Exercise - Pictures aside, repeat the listing below exactly.

Collected material -
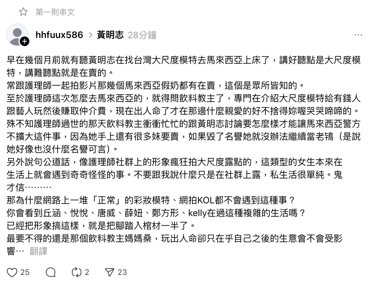 然而,在官方調查之外,網路上出現了新的說法。一名自稱熟悉內情的網友「hhfuux586」發文:「早在幾個月前就有聽黃明志在找台灣大尺度模特去馬來西亞上床了,講好聽點是大尺度模特,講難聽點就是在賣的。 常跟護理師一起拍影片那幾個馬來西亞假奶都有在賣,這個是眾所皆知的。 至於護理師這次怎麼去馬來西亞的,就得問飲料教主了,專門在介紹大尺度模特給有錢人跟藝人玩然後賺取仲介費,現在出人命了才在那邊什麼親愛的好不捨得妳喔哭哭啼啼的。 殊不知護理師過世的那天飲料教主衝衝忙忙的跟黃明志討論要怎麼樣才能讓馬來西亞警方不擴大這件事,因為她手上還有很多妹要賣,如果毀了名譽她就沒辦法繼續當老鴇(是說她好像也沒什麼名譽可言)。 另外說句公道話,像護理師社群上的形象瘋狂拍大尺度露點的,這類型的女生本來在生活上就會遇到奇奇怪怪的事。不要跟我說什麼只是在社群上露,私生活很單純。鬼才信⋯⋯⋯ 那為什麼網路上一堆「正常」的彩妝模特、網拍KOL都不會遇到這種事? 你會看到丘涵、悅悅、唐威、薛妞、鄭方形、kelly在過這種複雜的生活嗎? 已經把形象搞這樣,就是把腳踏入棺材一半了。 最要不得的還是那個飲料教主媽媽桑,玩出人命卻只在乎自己之後的生意會不會受影響⋯」。
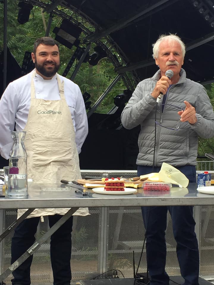 Il sera accompagné par Jean-Luc Fessard, à l’initiative de Bon pour le Climat, qui promeut une restauration bas carbone et dont l’action vise à réduire l’impact de l’alimentation sur le climat de moitié en accordant une place plus restreinte à la viande et en misant sur la réalisation d’une cuisine « responsable » respectant trois critères : la saison, le local, le végétal.
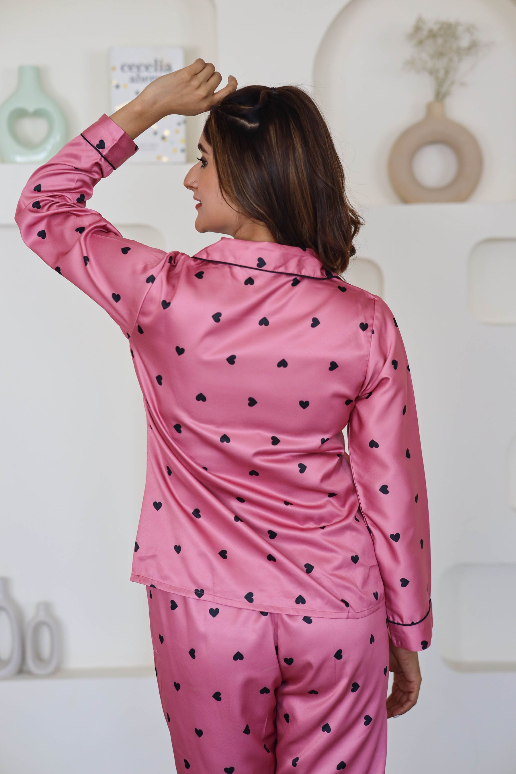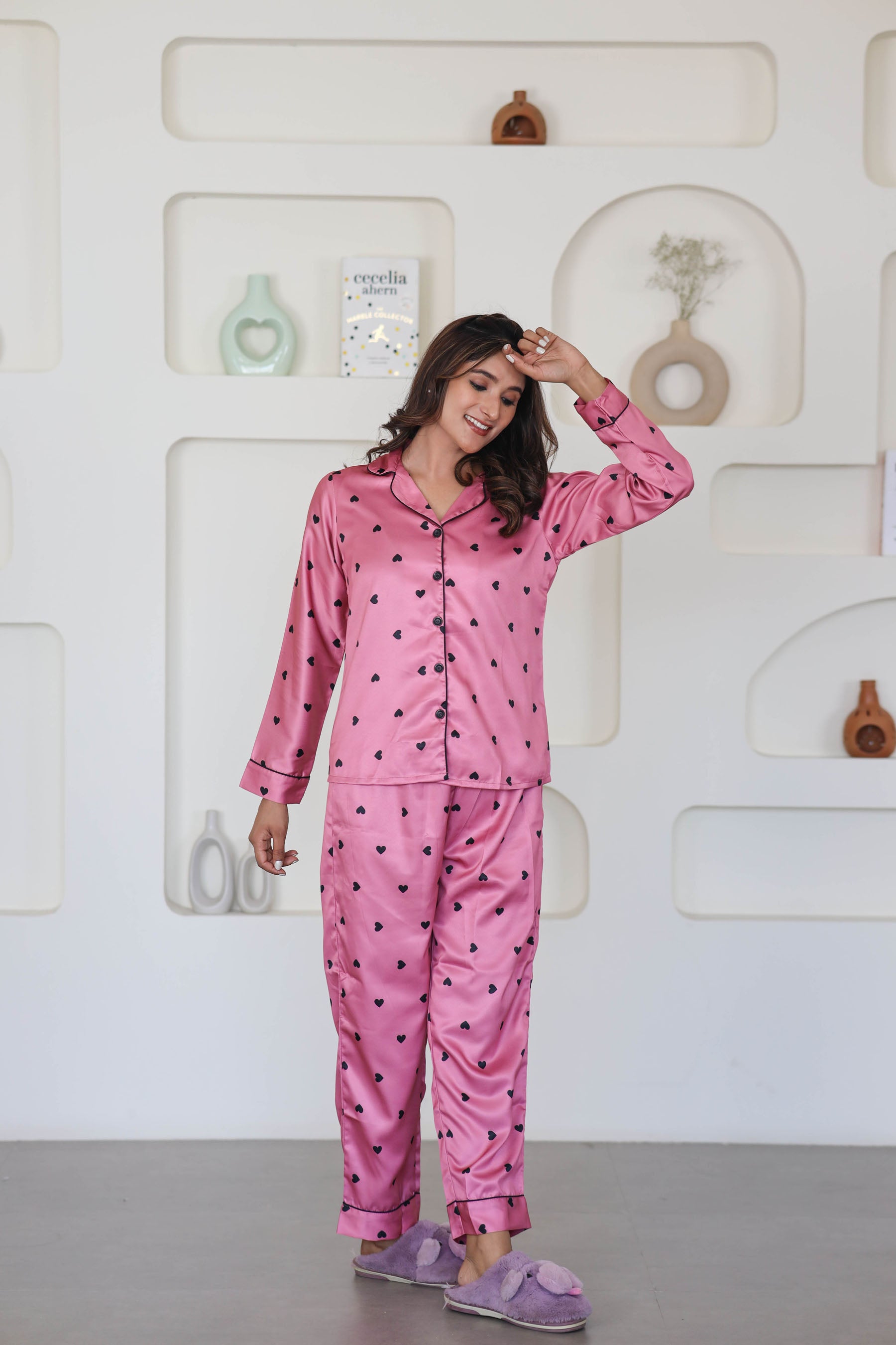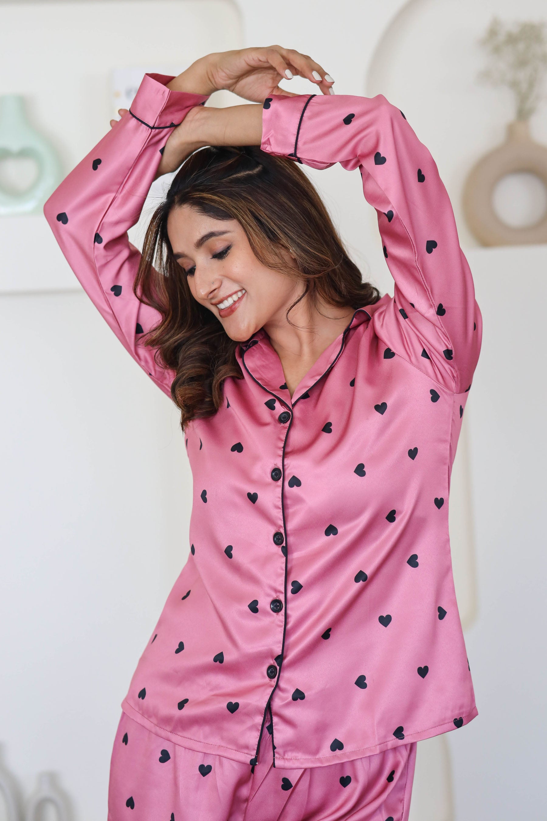 Women's Silk Satin Rose Gold Color Heart Print Full Sleeves Night Suit

Your solution -
 然而,在官方調查之外,網路上出現了新的說法。一名自稱熟悉內情的網友「hhfuux586」發文:「早在幾個月前就有聽黃明志在找台灣大尺度模特去馬來西亞上床了,講好聽點是大尺度模特,講難聽點就是在賣的。 常跟護理師一起拍影片那幾個馬來西亞假奶都有在賣,這個是眾所皆知的。 至於護理師這次怎麼去馬來西亞的,就得問飲料教主了,專門在介紹大尺度模特給有錢人跟藝人玩然後賺取仲介費,現在出人命了才在那邊什麼親愛的好不捨得妳喔哭哭啼啼的。 殊不知護理師過世的那天飲料教主衝衝忙忙的跟黃明志討論要怎麼樣才能讓馬來西亞警方不擴大這件事,因為她手上還有很多妹要賣,如果毀了名譽她就沒辦法繼續當老鴇(是說她好像也沒什麼名譽可言)。 另外說句公道話,像護理師社群上的形象瘋狂拍大尺度露點的,這類型的女生本來在生活上就會遇到奇奇怪怪的事。不要跟我說什麼只是在社群上露,私生活很單純。鬼才信⋯⋯⋯ 那為什麼網路上一堆「正常」的彩妝模特、網拍KOL都不會遇到這種事? 你會看到丘涵、悅悅、唐威、薛妞、鄭方形、kelly在過這種複雜的生活嗎? 已經把形象搞這樣,就是把腳踏入棺材一半了。 最要不得的還是那個飲料教主媽媽桑,玩出人命卻只在乎自己之後的生意會不會受影響⋯」。
 Il sera accompagné par Jean-Luc Fessard, à l’initiative de Bon pour le Climat, qui promeut une restauration bas carbone et dont l’action vise à réduire l’impact de l’alimentation sur le climat de moitié en accordant une place plus restreinte à la viande et en misant sur la réalisation d’une cuisine « responsable » respectant trois critères : la saison, le local, le végétal.
 Women's Silk Satin Rose Gold Color Heart Print Full Sleeves Night Suit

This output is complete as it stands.